- Born: August 26, 1937 Great Bend, Kansas
- Died: October 4, 2016 (aged 79) Greenwich, Connecticut
- Education: Washington and Lee University (BA)
- Occupations: Businessman, chief executive
- Honours: American Advertising Federation Hall of Fame

= Reginald K. Brack =

American businessman and chief executive (1937-2016)

Reginald K. Brack Jr. (August 26, 1937 – October 4, 2016) was an American businessman and executive. He is known for his decades spent at Time Inc., which he became the chairman and CEO of in 1990. As of 2001, Brack is listed in the American Advertising Federation Hall of Fame.

== Personal life ==
Brack was born in Great Bend, Kansas on August 26, 1937. He spent his childhood in Dallas. His parents were Edythe Mulveyhill and Reginald Brack, who was an executive at Braniff International Airways.

In 1962, the same year that he joined Time, Brack married Barbara Smith; they had met in St. Louis on a blind date five months prior. They had three children: Reginald Brack, Elizabeth Brack, and Peter Brack.

=== Death ===
On October 4, 2016, at the age of 79, Brack died, due to complications from progressive supranuclear palsy, in his home in Greenwich, Connecticut.

== Career ==
In 1959, Brack graduated from Washington and Lee University and began an ads sales job at The Saturday Evening Post in St. Louis. Three years later, he met Time magazine's publisher on a plane. At the time, Brack had previously applied to work for Time but was initially rejected, but the publisher urged him to "rethink that." A few months later, in 1962, he joined Time as an ads salesman.

At Time, Brack was known for his efforts in augmenting book sales operations and elevating magazines into brands. Over time, he became the ads sales director for Time's international editions and later became the magazine's worldwide sales director. He was additionally known for rejecting "the chummy ethos of cocktail-filled restaurant lunches with colleagues and chose instead to dine with customers." He also supported Time's merger with Warner Communications in 1990.

In 1986, Brack was named the chief executive of Time's magazines division, after which he became Time Inc.'s chief executive, as chairman and CEO, in 1990. He was the first person who had not attended an Ivy League school to lead the corporation. Brack's leadership resulted in the creation and acquisition of several titles such Discover, Martha Stewart Living, Vibe, InStyle, and Entertainment Weekly. He was also responsible for tackling "the company's old-boy culture" by appointing women to positions of leadership, i.e.

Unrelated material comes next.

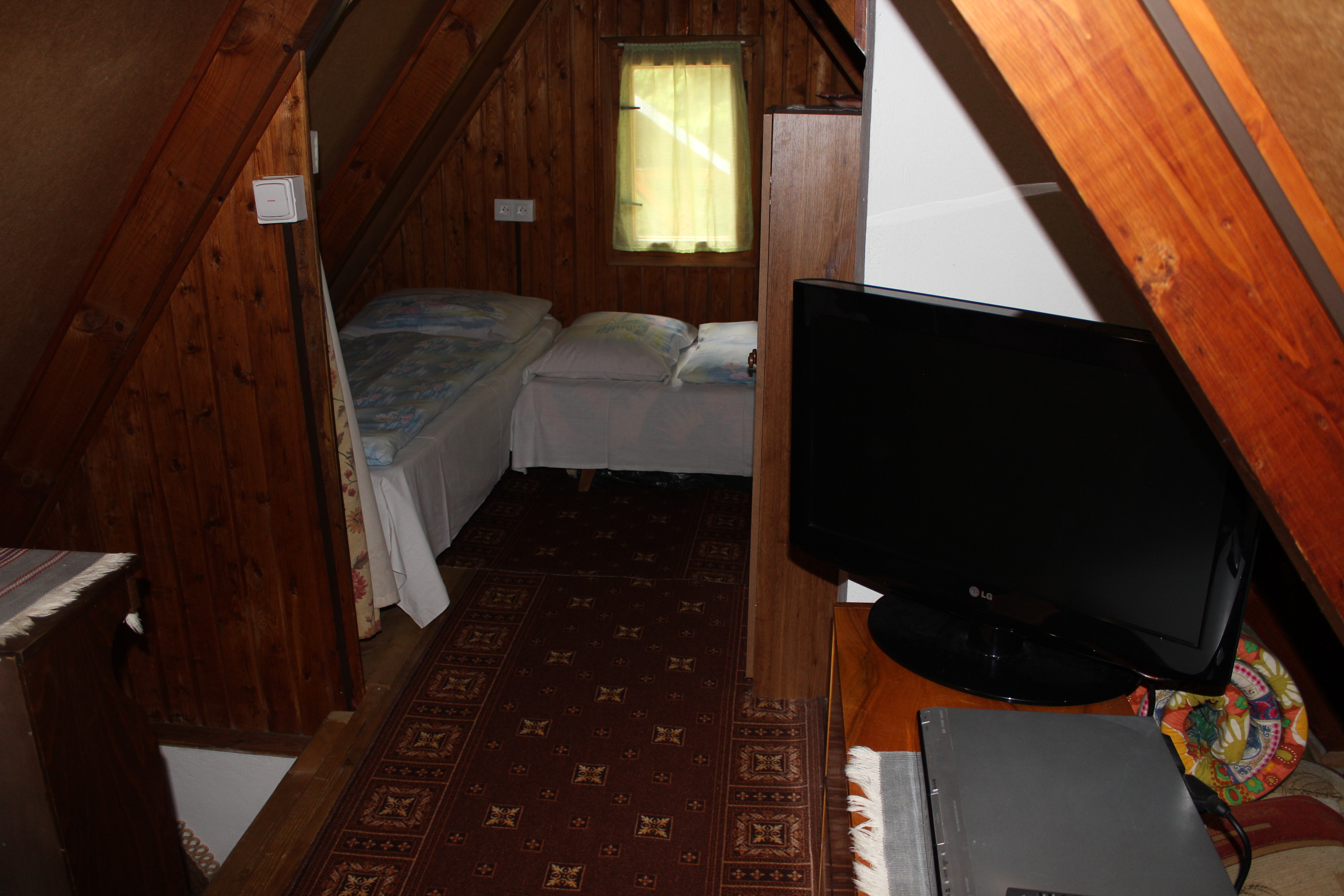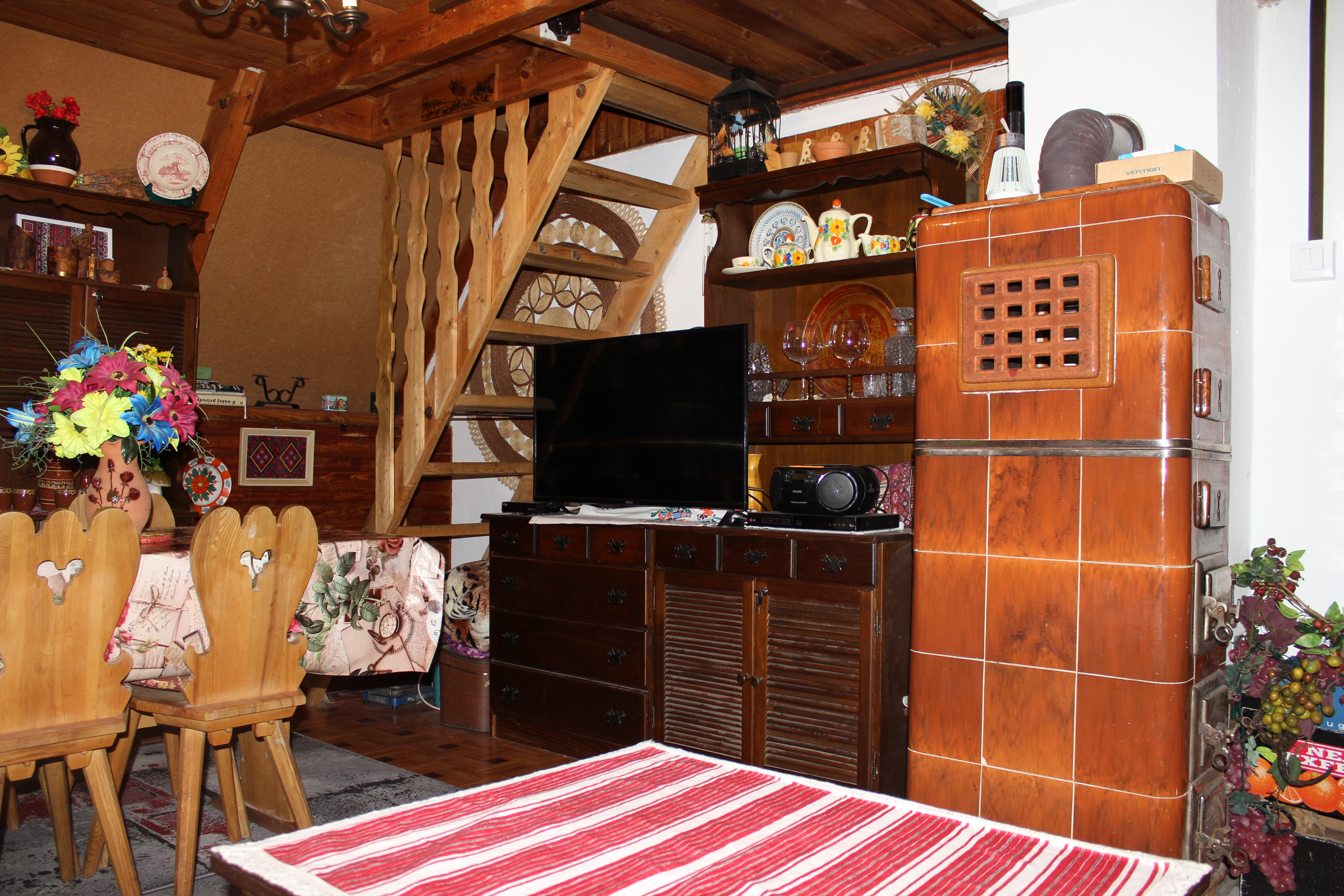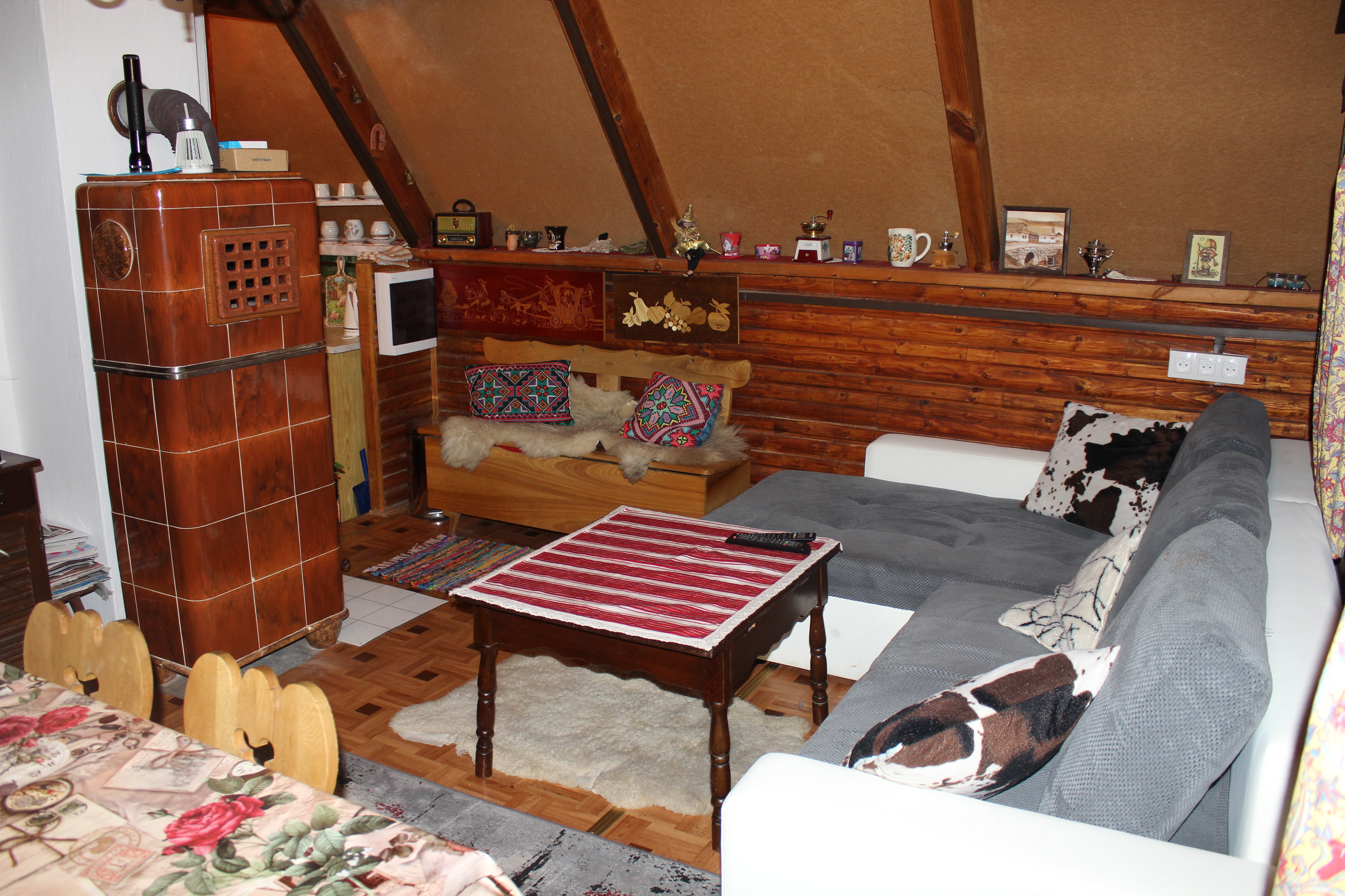 Počas Vášho pobytu je Vám k dispozícii obývacia miestnosť s krbovými kachľami a pohodlnou rohovou pohovkou (na spanie ako dvojposteľová), televízor so satelitným príjmom (slovenské, české aj zahraničné programy), DVD prehrávač s filmami a koncertmi na DVD, rádio s CD prehrávačom.

Elizabeth Valk Long, who became Life's publisher in 1986. On March 11, 1996, Brack, along with Time's chief of correspondents Joelle Attinger and Miami bureau chief Cathy Booth, spoke with Fidel Castro in an "exclusive conversation" regarding Cuba's decision to shoot down two Cessna planes earlier in February.

In 2001, Brack was inducted into the American Advertising Federation Hall of Fame.

Brack was an Honorary Life Trustee of Earthjustice, a role which he held for 19 years in order to develop the nonprofit organization's communications department. He was also a member of the investment club Tiger 21. He sat on numerous boards including that of the Fieldpoint Private Bank and Trust.